The Liberals have had no real political philosophy for a long time, so when it became important to stand for something, they were at a loss.


----------



## toyotatundra (1 Jul 2011)

> author=Thucydides link=topic=101559/post-1057939#msg1057939 date=1309565488
> 
> The Liberals have had no real political philosophy for a long time, so when it became important to stand for something, they were at a loss.



It is premature to write an obituary for the Liberal Party. Given the volatile nature of our electorate, the next election could see the Liberals winning anywhere from 0 to 200 seats.

My forecasts at the start of the latest campaign were off by more than a Calgary weather report. Election Night 2011 humbled me greatly.


----------



## Gimpy (1 Jul 2011)

toyotatundra said:
			
		

> the next election could see the Liberals winning anywhere from 0 to 200 seats.



Wow, what an incredibly risky prediction. What are the chances of the sun coming up tomorrow?


----------



## toyotatundra (1 Jul 2011)

Gimpy said:
			
		

> Wow, what an incredibly risky prediction. What are the chances of the sun coming up tomorrow?



Somewhere between 0 and 100%.


----------



## a_majoor (1 Jul 2011)

Perhaps a btter way to move the discussion forward is to explain how and why the LPC could change their seat count. 

I have suggested the competition will close ranks so the LPC will have no political "space" to work in. This will make it difficult to get funding, volunteers and press. That and a lack of an underlying political philosophy to attract people makes a prediction of "up to 200 seats" highy unlikely, to say the least...


----------



## Nauticus (2 Jul 2011)

toyotatundra said:
			
		

> Why do you have a preference for a Conservative minority?


Because although there are a lot of things the Conservatives do well, there's also a lot of policies that I avidly and passionately disagree with, and I don't trust Harper or his party at all with a majority government.

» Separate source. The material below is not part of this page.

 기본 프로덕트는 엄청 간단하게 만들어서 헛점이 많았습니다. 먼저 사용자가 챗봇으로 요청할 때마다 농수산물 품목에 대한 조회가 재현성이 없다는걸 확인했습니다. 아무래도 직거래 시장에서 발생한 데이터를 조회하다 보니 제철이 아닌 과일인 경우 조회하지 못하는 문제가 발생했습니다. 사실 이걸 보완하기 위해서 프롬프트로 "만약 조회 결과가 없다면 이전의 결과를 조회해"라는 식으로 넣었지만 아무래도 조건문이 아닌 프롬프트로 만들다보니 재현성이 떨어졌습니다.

The NDP has proven historically willing to work with any government if the law in question benefits Canadians in a positive way.

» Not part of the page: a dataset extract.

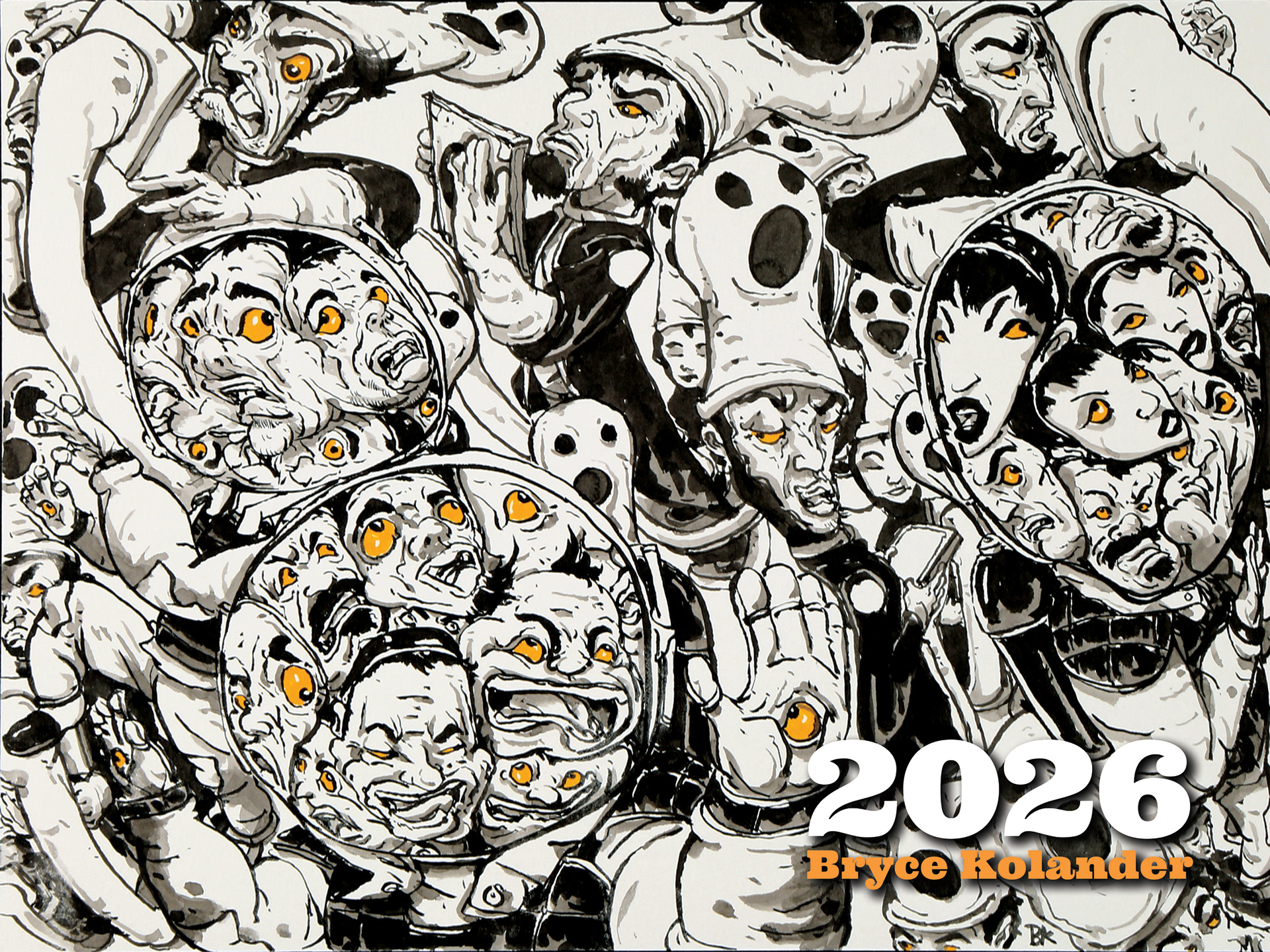 2026 Wall Calendar featuring 12 different drawings by Bryce Kolander.

I think forcing the two parties to work together on worthwhile laws would have been better for us as a nation.


----------



## toyotatundra (2 Jul 2011)

Thucydides said:
			
		

> Perhaps a btter way to move the discussion forward is to explain how and why the LPC could change their seat count.
> 
> I have suggested the competition will close ranks so the LPC will have no political "space" to work in. This will make it difficult to get funding, volunteers and press. That and a lack of an underlying political philosophy to attract people makes a prediction of "up to 200 seats" highy unlikely, to say the least...



I can see a number of scenarios, alone or combined, which might bring the Liberals over 155 in 2015.

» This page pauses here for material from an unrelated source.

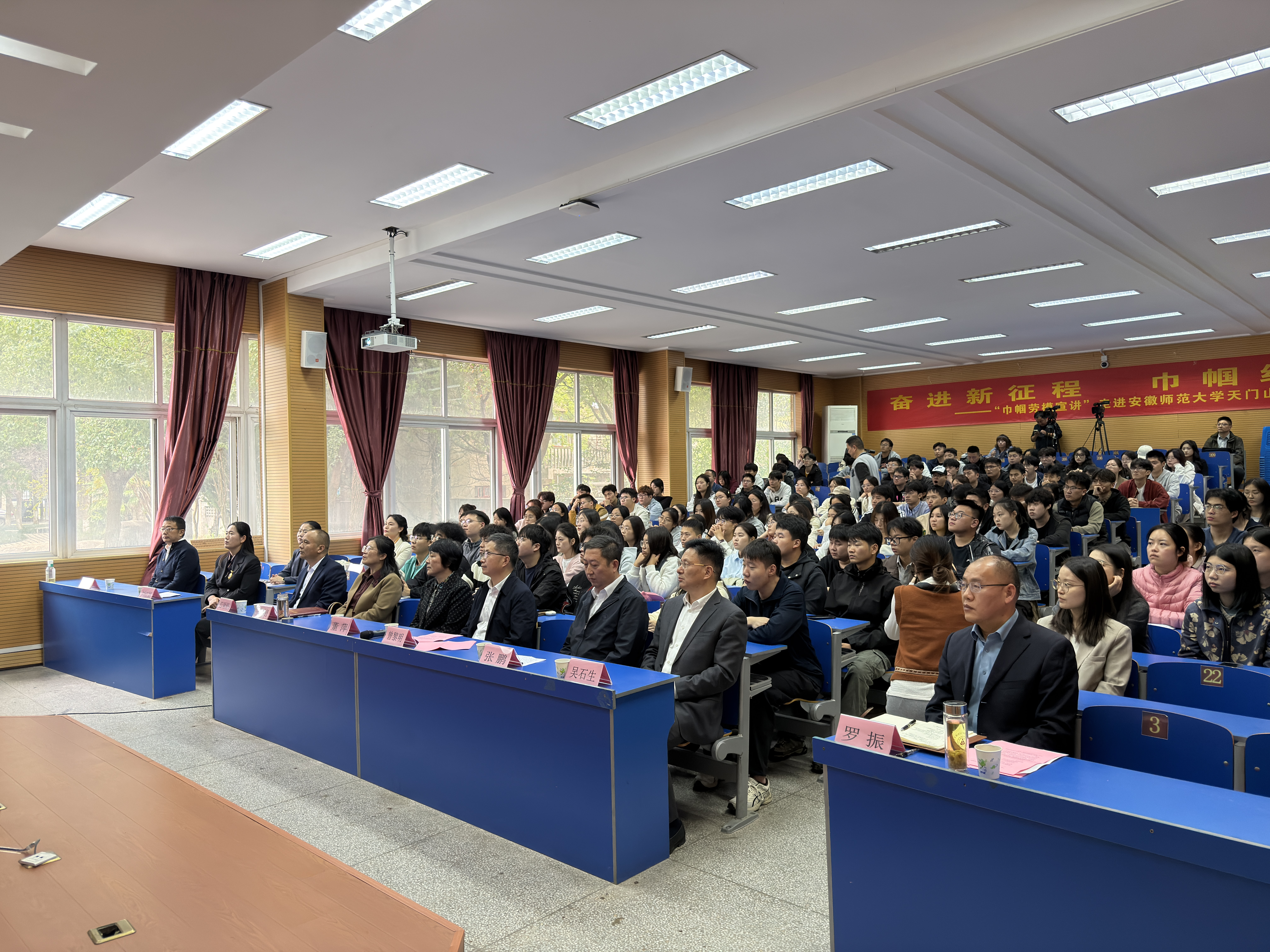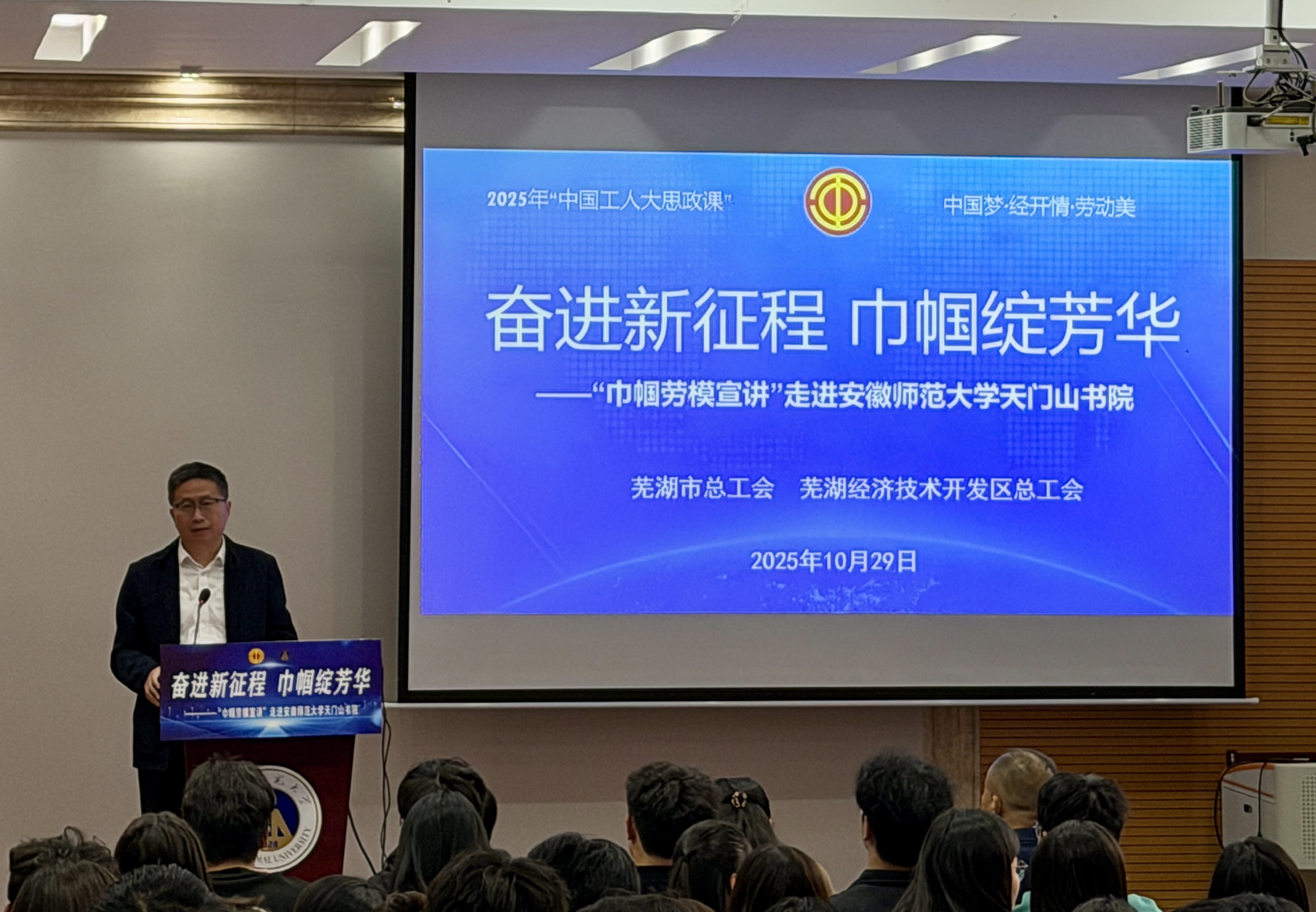 为深入学习贯彻习近平总书记关于劳模精神、劳动精神、工匠精神的重要论述,引导青年学子树立正确职业价值观,10月29日下午,由芜湖市总工会与经开区总工会共同主办的“中国工人大思政课”——“巾帼劳模工匠宣讲”活动在安徽师范大学天门山校区图书馆报告厅举行。校党委副书记曾黎明主持会议并讲话。

- a continuing or worsening global economic situation leads centre-right voters to punish the Conservatives, and reward the Liberals.
- Harper or his government is irreparably tarnished by current or yet-to-emerge scandals. The Liberals prosper as the central non-NDP alternative
- After 9 years of Harper, and 4 of Hudak, Ontario tires of the Tories, and swings back to the Grits
- the NDP loses Canada's centre by pursuing ideological rather than pragmatic solutions, by committing a series of gaffes, or by coming under the relentless rhetorical fire of Canada's corporate-owned press
- the charismatic Jack Layton tragically passes on or resigns for health reasons, leaving a less dynamic leader. The soft Left vote returns to the Liberal fold.
- frustrated with Harper or with each other, the P.C. or evangelical Christian wings of the CPC break off, re-dividing the right of centre vote
- a PQ government in Quebec, or a burgeoning sovereignty campaign, causes federalists to unite around their traditional Quebec standard bearer for Canada, the LPC.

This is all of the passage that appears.